Problem to work on >> Write out the opening lines of the data word for word, up to and including the line with "Denne klassiske vippestolen", and leave every picture and every later line out.

(Data records)
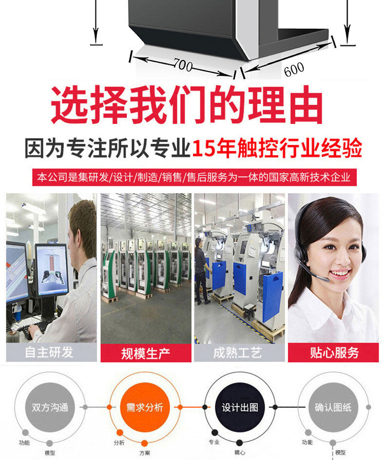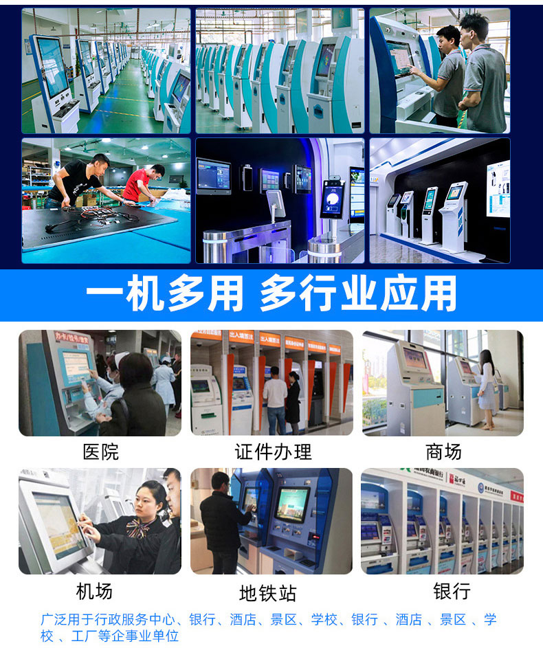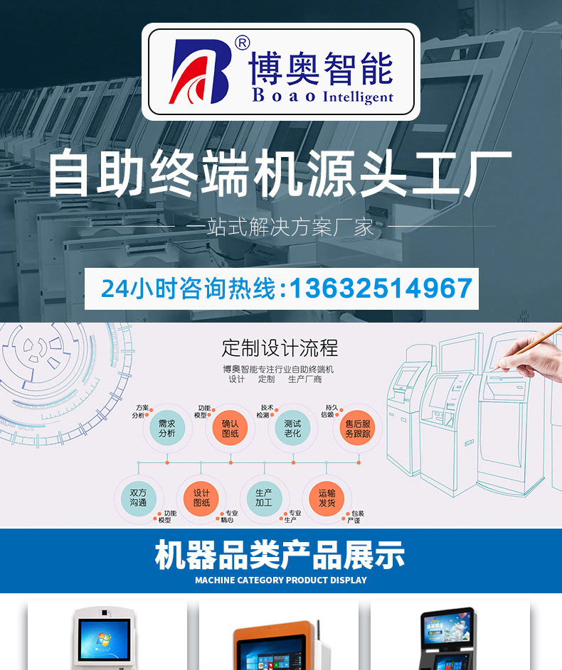 專業(yè)提供電腦觸控產(chǎn)品、自助服務(wù)終端的設(shè)計(jì)及生產(chǎn)服務(wù),主要產(chǎn)品自助終端機(jī)、自助打印機(jī)、自助取票機(jī)、自助查詢機(jī)、自助繳費(fèi)機(jī)、自助發(fā)卡機(jī)、自助政務(wù)一體機(jī),產(chǎn)品使用于各個(gè)行業(yè);醫(yī)院、學(xué)校、銀行、酒店、景區(qū)等。。。。。公司擁有專業(yè)的生產(chǎn)線,嚴(yán)格的質(zhì)量把控。耐心的咨詢服務(wù)團(tuán)隊(duì)及專業(yè)的技術(shù)負(fù)責(zé)團(tuán)體。
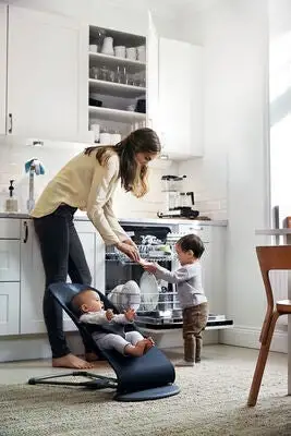 Denne klassiske vippestolen fra BabyBjörn har fått et nytt og lekkert design, med en stabil bunnplate og en grå ramme som skaper et mykere inntrykk. Bliss er ergonomisk utformet med god vektfordeling, så både hode, nakke og rygg har ordentlig støtte.Vippestolen er sammenleggbar og har tre høydenivåer for lek, hvile og søvn. Stolen trenger ikke batterier da den gynger ved dine eller barnets egne bevegelser. Når barnet har lært seg å sitte selv kan trekket snus slik at vippestolen blir til en deilig lenestol, noe som forlenger Bliss brukstid ytterligere. En vippestol som er perfekt når du vil ha hendene frie og samtidig la barnet ditt hvile eller leke trygt!Anbefalt alder: Fra 0 måneder – ca 2 år.Maksvekt: 9 kg når produktet brukes som vippestol.Maksvekt: 13 kg når produktet brukes som barnestol.Mål: H10 x B39 x D89,5 cm.Vekt: 2,3 kg.Materiale: 100% bomull, Oeko-Tex Standard 100 Klass 1-sertifisert.Vaskeanvisning: maskinvask 40°C, skal ikke tørketrumles.Farge: blå.
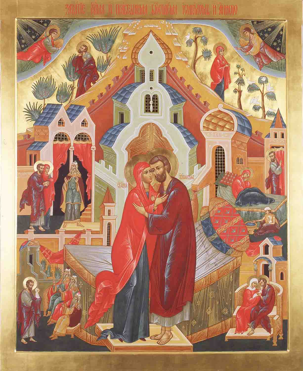 Он не изображает какого-то буйного веселия, резких движений. Но сколько в этой сцене искренней, глубокой любви, взаимной нежности, заботы и сострадания. Это урок всем нам – истинная радость не должна быть ни чрезмерной, ни показной. Зачатие святой праведной Анной Пресвятой Богородицы Церковь отмечает 22 декабря. А 21 сентября мы празднуем рождение долгожданной Дочери, которую праведные супруги назвали Мария, что в переводе на русский означает госпожа.
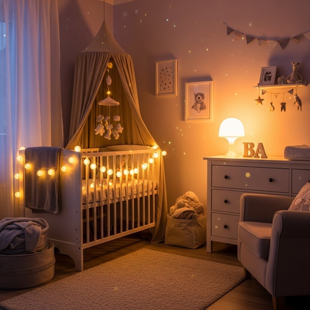 Lighting plays a big role in creating a calm and cozy baby room environment. You can use fairy lights, paper lamps, or soft-glow DIY lamps to enhance the room’s ambiance. Warm lighting helps create a soothing atmosphere, especially during nighttime routines. These lighting ideas are easy to set up and budget-friendly. They also add a magical and dreamy feel to the nursery.
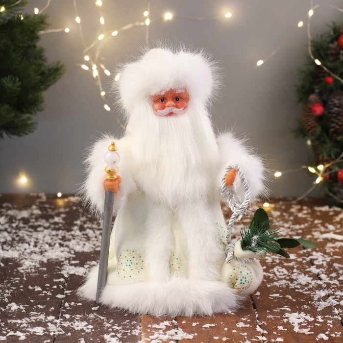 Дед Мороз под ёлку «Зимнее волшебство. В пушистой шубе, с мешком» двигается, 30 см, белый - товар, который Вы можете приобрести в нашем интернет-магазине. Заказ могут оформить как юридические, так и физические лица. Бесплатная доставка по Астане, также, отправляем по РК.
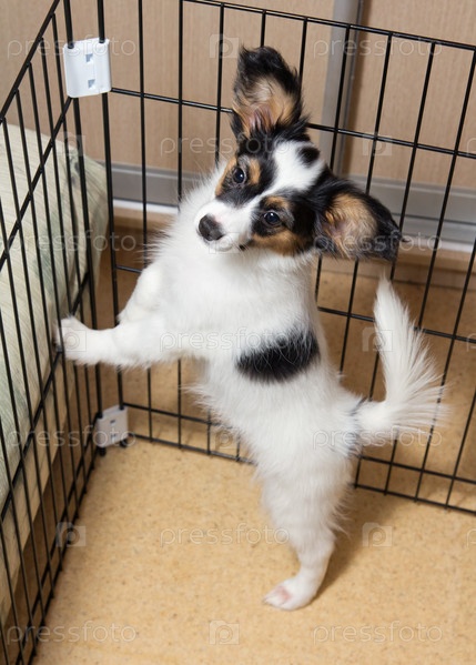 Щенок породы папильон в вольере
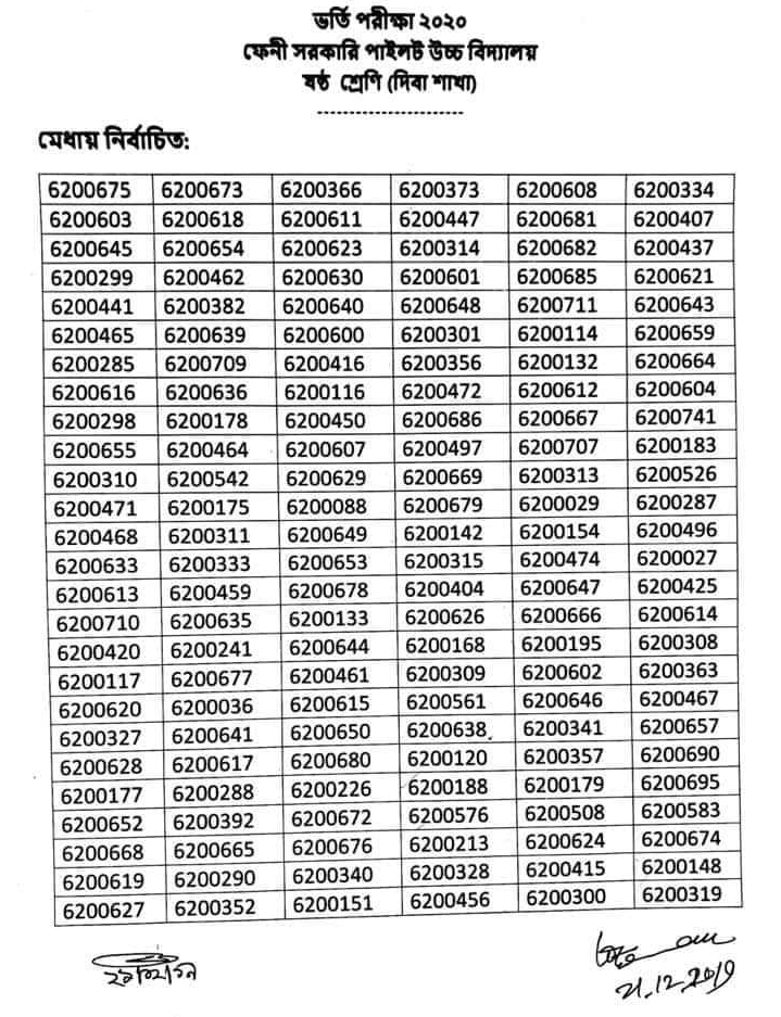 বিদ্যালয় সূত্রে জানা গেছে, ফেনী সরকারি পাইলট উচ্চ বিদ্যালয়ে ২০২০ শিক্ষাবর্ষে ৬ষ্ঠ শ্রেণিতে প্রাতঃ ও দিবা শাখায় মোট ৩২০টি আসনের বিপরীতে ১৪৭৪ জন পরীক্ষার্থী ভর্তি পরীক্ষায় অংশগ্রহণ করে। শুক্রবার সকাল ১০টা থেকে ১২টা পর্যন্ত বাংলা, ইংরেজী ও গণিত বিষয়ে ১০০ নম্বরের মূল্যায়ন পরীক্ষা অনুষ্ঠিত হয়।

Exercise solution >>
 專業(yè)提供電腦觸控產(chǎn)品、自助服務(wù)終端的設(shè)計(jì)及生產(chǎn)服務(wù),主要產(chǎn)品自助終端機(jī)、自助打印機(jī)、自助取票機(jī)、自助查詢機(jī)、自助繳費(fèi)機(jī)、自助發(fā)卡機(jī)、自助政務(wù)一體機(jī),產(chǎn)品使用于各個(gè)行業(yè);醫(yī)院、學(xué)校、銀行、酒店、景區(qū)等。。。。。公司擁有專業(yè)的生產(chǎn)線,嚴(yán)格的質(zhì)量把控。耐心的咨詢服務(wù)團(tuán)隊(duì)及專業(yè)的技術(shù)負(fù)責(zé)團(tuán)體。
 Denne klassiske vippestolen fra BabyBjörn har fått et nytt og lekkert design, med en stabil bunnplate og en grå ramme som skaper et mykere inntrykk. Bliss er ergonomisk utformet med god vektfordeling, så både hode, nakke og rygg har ordentlig støtte.Vippestolen er sammenleggbar og har tre høydenivåer for lek, hvile og søvn. Stolen trenger ikke batterier da den gynger ved dine eller barnets egne bevegelser. Når barnet har lært seg å sitte selv kan trekket snus slik at vippestolen blir til en deilig lenestol, noe som forlenger Bliss brukstid ytterligere. En vippestol som er perfekt når du vil ha hendene frie og samtidig la barnet ditt hvile eller leke trygt!Anbefalt alder: Fra 0 måneder – ca 2 år.Maksvekt: 9 kg når produktet brukes som vippestol.Maksvekt: 13 kg når produktet brukes som barnestol.Mål: H10 x B39 x D89,5 cm.Vekt: 2,3 kg.Materiale: 100% bomull, Oeko-Tex Standard 100 Klass 1-sertifisert.Vaskeanvisning: maskinvask 40°C, skal ikke tørketrumles.Farge: blå.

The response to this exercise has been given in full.